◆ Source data
--- START ---
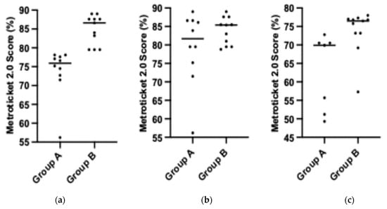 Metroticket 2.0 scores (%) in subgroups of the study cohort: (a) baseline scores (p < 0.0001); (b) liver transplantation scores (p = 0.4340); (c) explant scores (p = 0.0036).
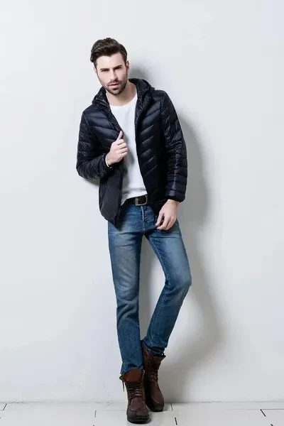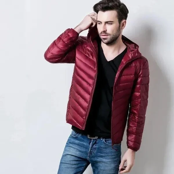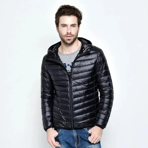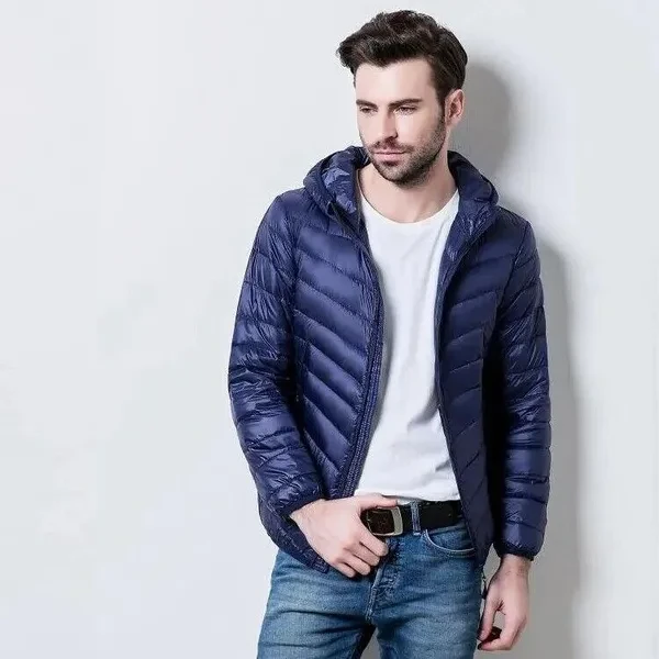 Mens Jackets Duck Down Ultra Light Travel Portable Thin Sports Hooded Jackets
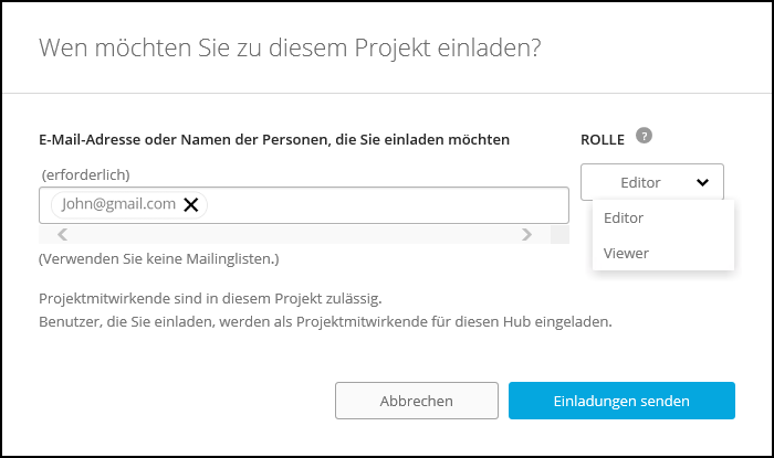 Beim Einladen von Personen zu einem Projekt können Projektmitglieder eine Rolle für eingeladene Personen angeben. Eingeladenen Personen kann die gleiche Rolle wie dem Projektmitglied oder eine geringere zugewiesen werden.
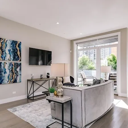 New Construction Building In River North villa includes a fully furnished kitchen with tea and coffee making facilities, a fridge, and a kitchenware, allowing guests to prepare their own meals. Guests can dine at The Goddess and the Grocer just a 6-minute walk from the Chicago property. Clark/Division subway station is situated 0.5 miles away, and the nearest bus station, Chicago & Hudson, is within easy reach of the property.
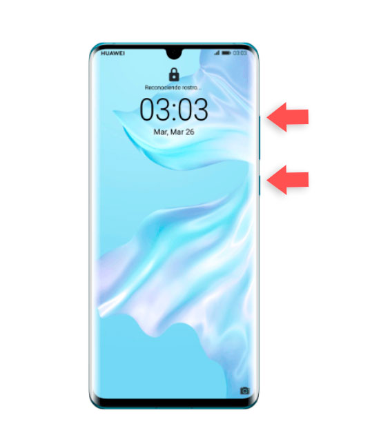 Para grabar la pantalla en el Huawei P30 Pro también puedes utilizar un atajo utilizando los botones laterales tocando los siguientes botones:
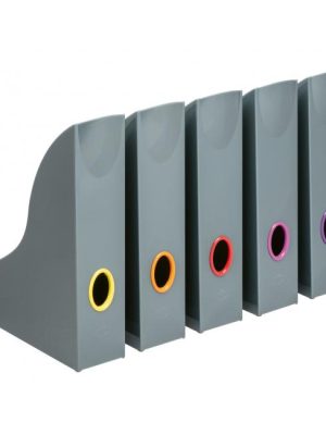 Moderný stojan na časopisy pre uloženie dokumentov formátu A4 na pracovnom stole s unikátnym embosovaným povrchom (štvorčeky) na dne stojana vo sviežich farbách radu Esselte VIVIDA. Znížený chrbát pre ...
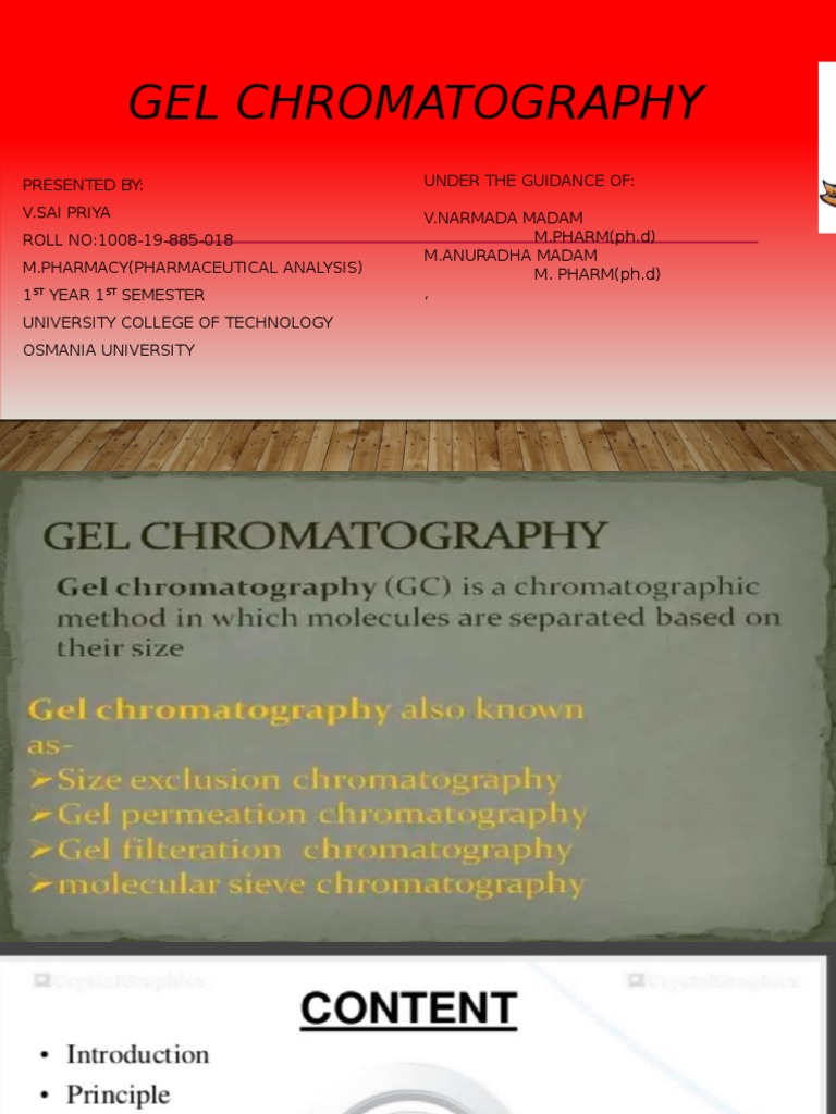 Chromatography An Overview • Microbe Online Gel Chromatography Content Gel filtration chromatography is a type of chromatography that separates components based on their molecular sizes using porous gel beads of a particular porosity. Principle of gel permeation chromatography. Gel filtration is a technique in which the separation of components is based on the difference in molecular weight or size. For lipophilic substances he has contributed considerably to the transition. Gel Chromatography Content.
--- END ---
◆ Activity
From the line with "Moderný stojan na" to the final line of the entries above, reproduce each line exactly and nothing else; the pictures stay out.

◆ Task result
 Moderný stojan na časopisy pre uloženie dokumentov formátu A4 na pracovnom stole s unikátnym embosovaným povrchom (štvorčeky) na dne stojana vo sviežich farbách radu Esselte VIVIDA. Znížený chrbát pre ...
 Chromatography An Overview • Microbe Online Gel Chromatography Content Gel filtration chromatography is a type of chromatography that separates components based on their molecular sizes using porous gel beads of a particular porosity. Principle of gel permeation chromatography. Gel filtration is a technique in which the separation of components is based on the difference in molecular weight or size. For lipophilic substances he has contributed considerably to the transition. Gel Chromatography Content.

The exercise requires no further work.